Okay, my primal urge is ‘pet the puppy’ and for once it didn’t end with my hand leaving my body. Kind of would deserve it if he did, but as his eyes closed half way, his ears flattened as I used my longer, manicured nails to itch his head. My friend Sam's dog always loved when I did this, she had a hard time keeping nails long, or on if they were fake, so I used it like a treat. The large wolf took one more step towards me then laid down on the damp floor, leaning his head towards me to encourage more scritches. It gave me the perfect opportunity to admire his multicolored fur, its blotches of light brown, orange, and white over mostly black fur- I think this pattern was called brindle? My family had a cat who did not enjoy me and I her, named Chubby, who was calico. The difference was the amount of white, right?
“Hey buddy...” I whispered softly, keeping my voice at a steady tone. Overthinking typically left me dazzling out, and we saw the last time that I touched a wild wolf without a second thought. Still holding the “this is a wild animal” thought in the back of my head, the fear I felt was easy to suppress, especially if I was going to talk to him. The wolf bobbed his head, crawling closer to me while tilting his head into my hand, so close that his giant, torso-sized head rested on my lap, demanding the skritches now with a dopy, happy face. Kind of like a dog- but a lot larger with huge teeth.

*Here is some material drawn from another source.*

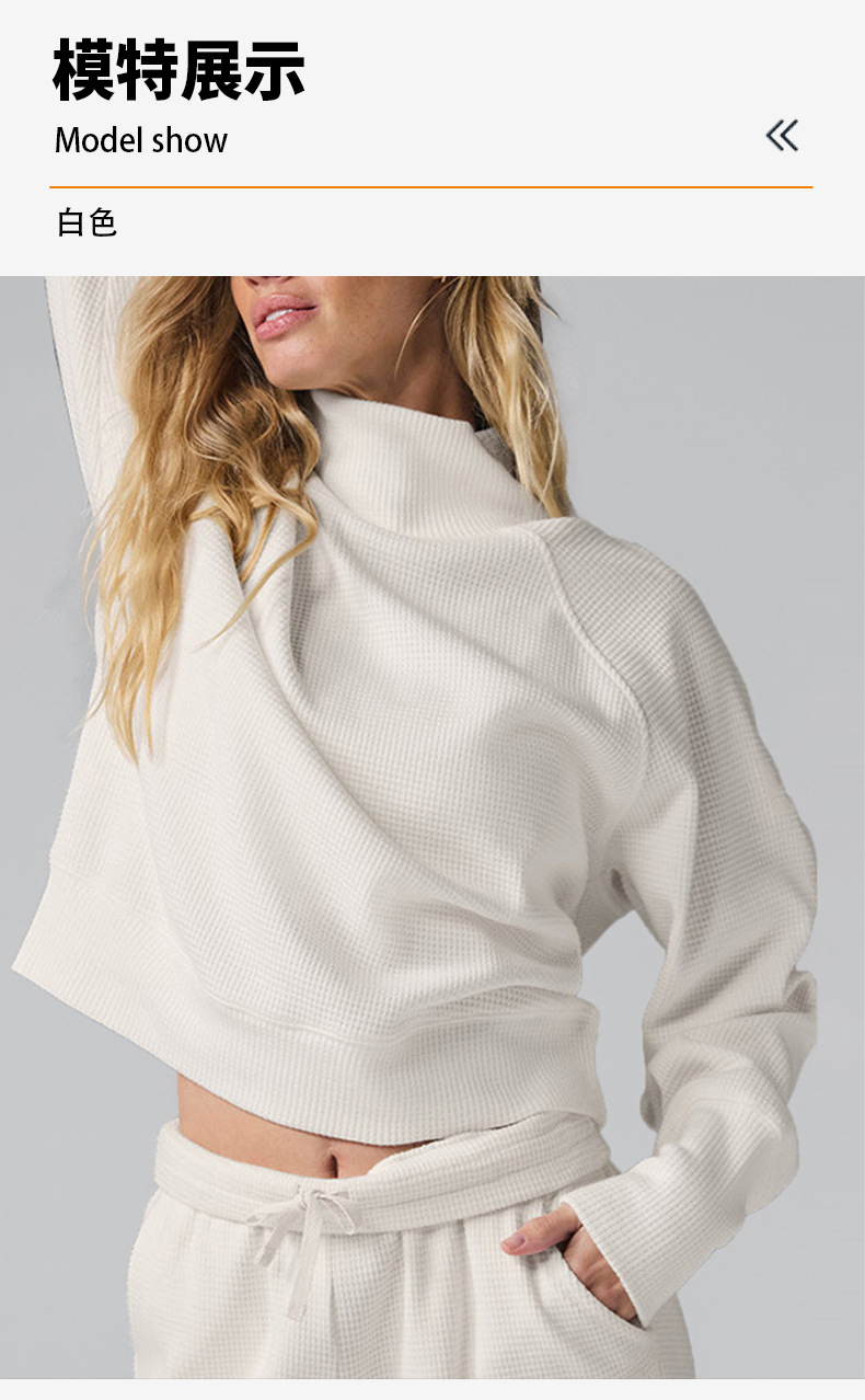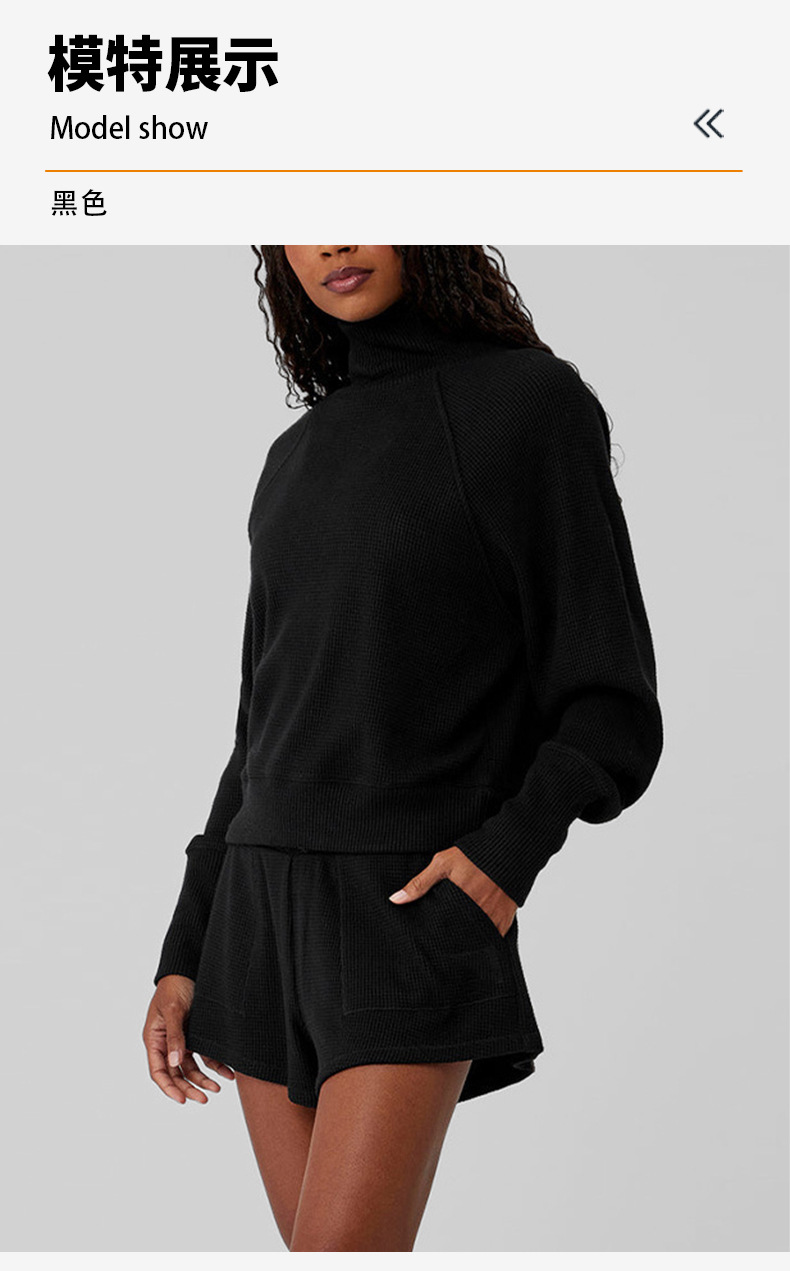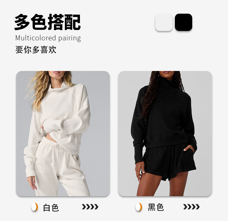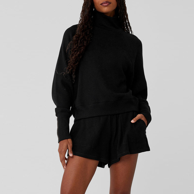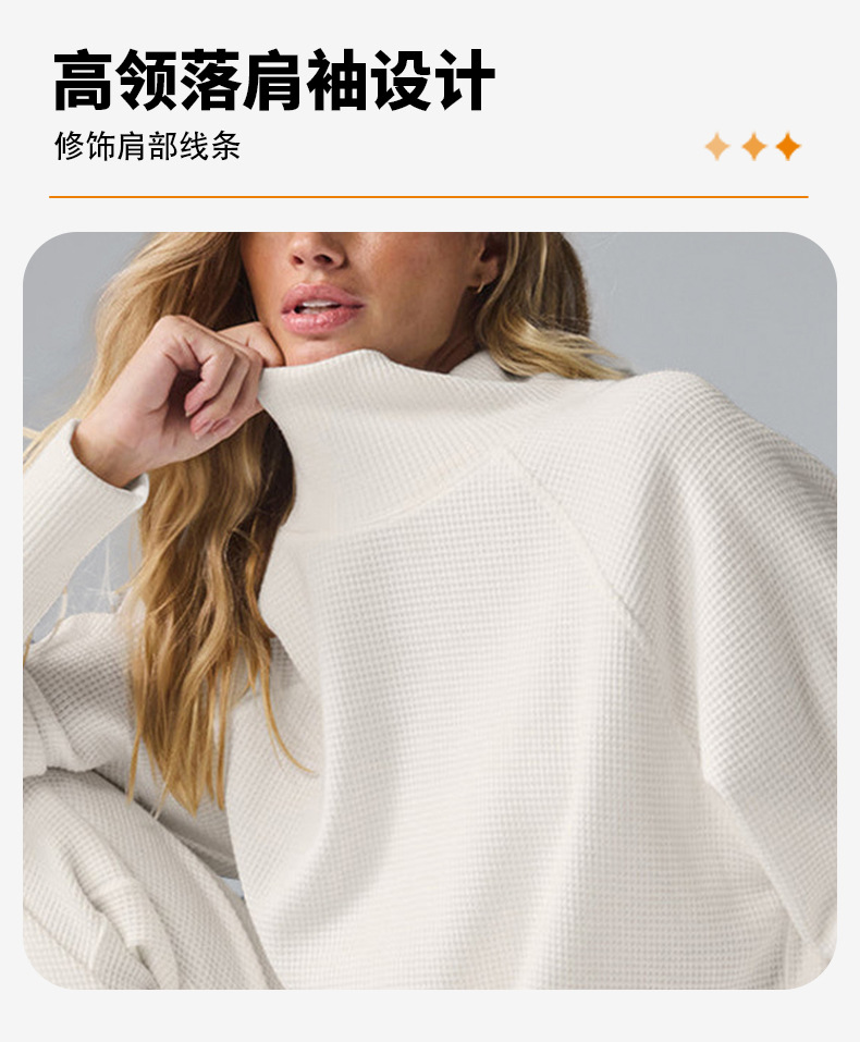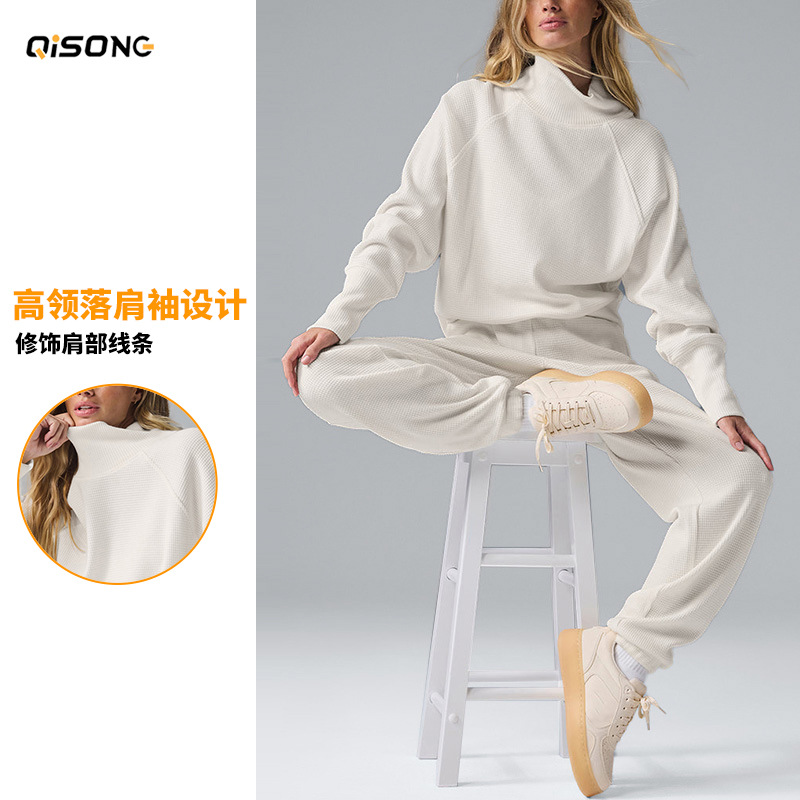 Популярный женский спортивный костюм для фитнеса: вязаный свитер с высоким воротом и длинными рукавами, а также повседневные универсальные брюки-джоггеры с высокой талией.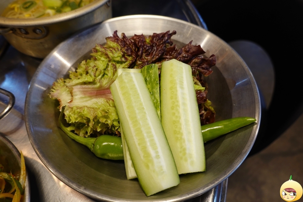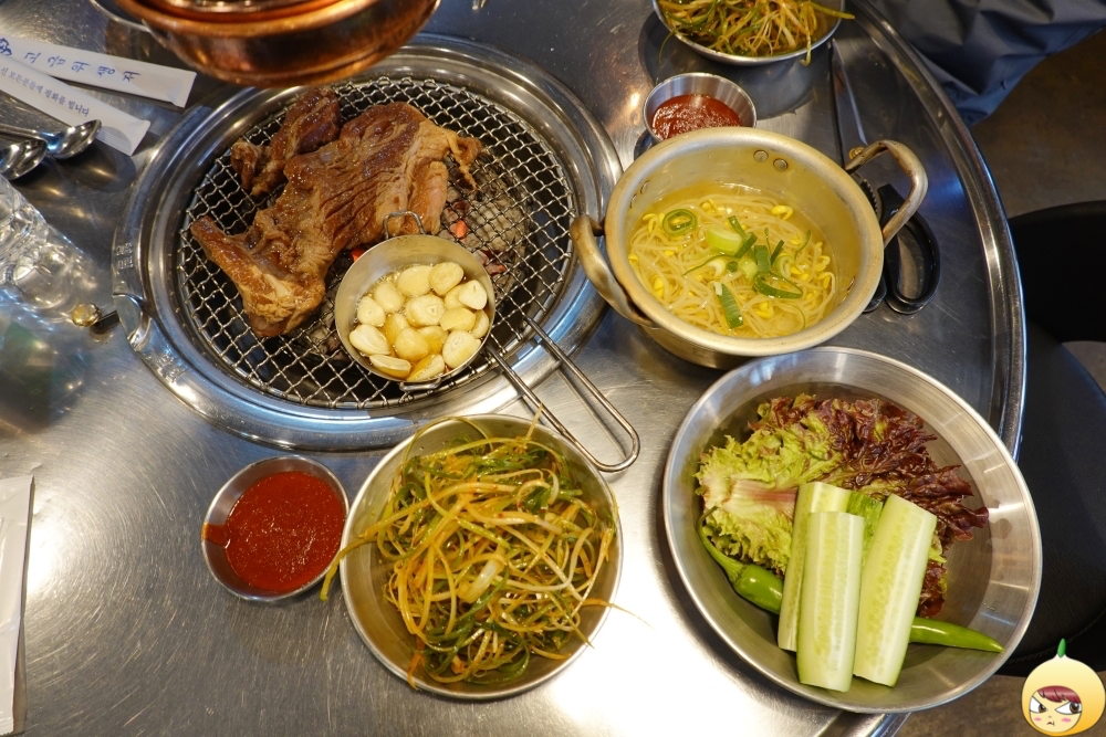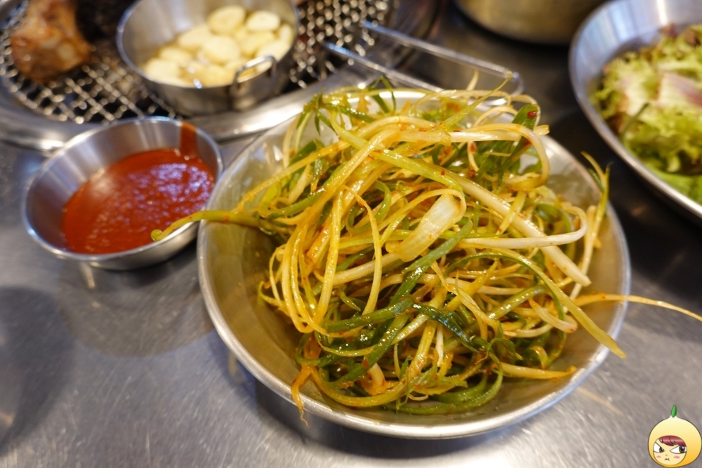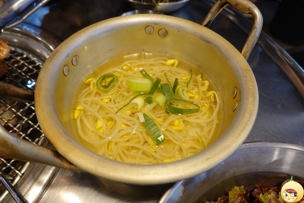 기본찬은 단촐하다. 쌈장대신 고추장이 나왔고, 고기이니 쌈채소는 당연인데 깻잎은 없고 상추만 있다. 고깃집에 가면 늘 나오는 하얀 무생채는 없지만, 대신 파채에 슴슴한 콩나물국이 있다. 처음에는 반찬을 다 가져다 주지만 리필은 셀프다.

Being this close to wild life wasn’t a smart idea, nor was it ideal, but it sure as hell was interesting. Especially since I had never been this close to a wolf before, so just the absolute huge size of him was something I was trying to engrain in my head. Now both of my hands were scratching the top of his head, all around his large, fuzzy ears, really getting to work as he let out a long, heavy sigh.
I welcomed the warmth of his head and breath, which surprisingly wasn’t too horribly smelly like some dog’s I’ve smelt before. It wasn’t until he did that that I realized just how cold I actually was. It was mid-fall and I was stupid enough to go without a jacket, even though my outing was going to be over an hour long. Resting my back against the tree, I felt at peace as we sat in silence, the sound of birds chirping brightly above us. My eyes felt very heavy, the sleeplessness I normally experienced every night catching up as I felt warm, safe, and surrounded by nature.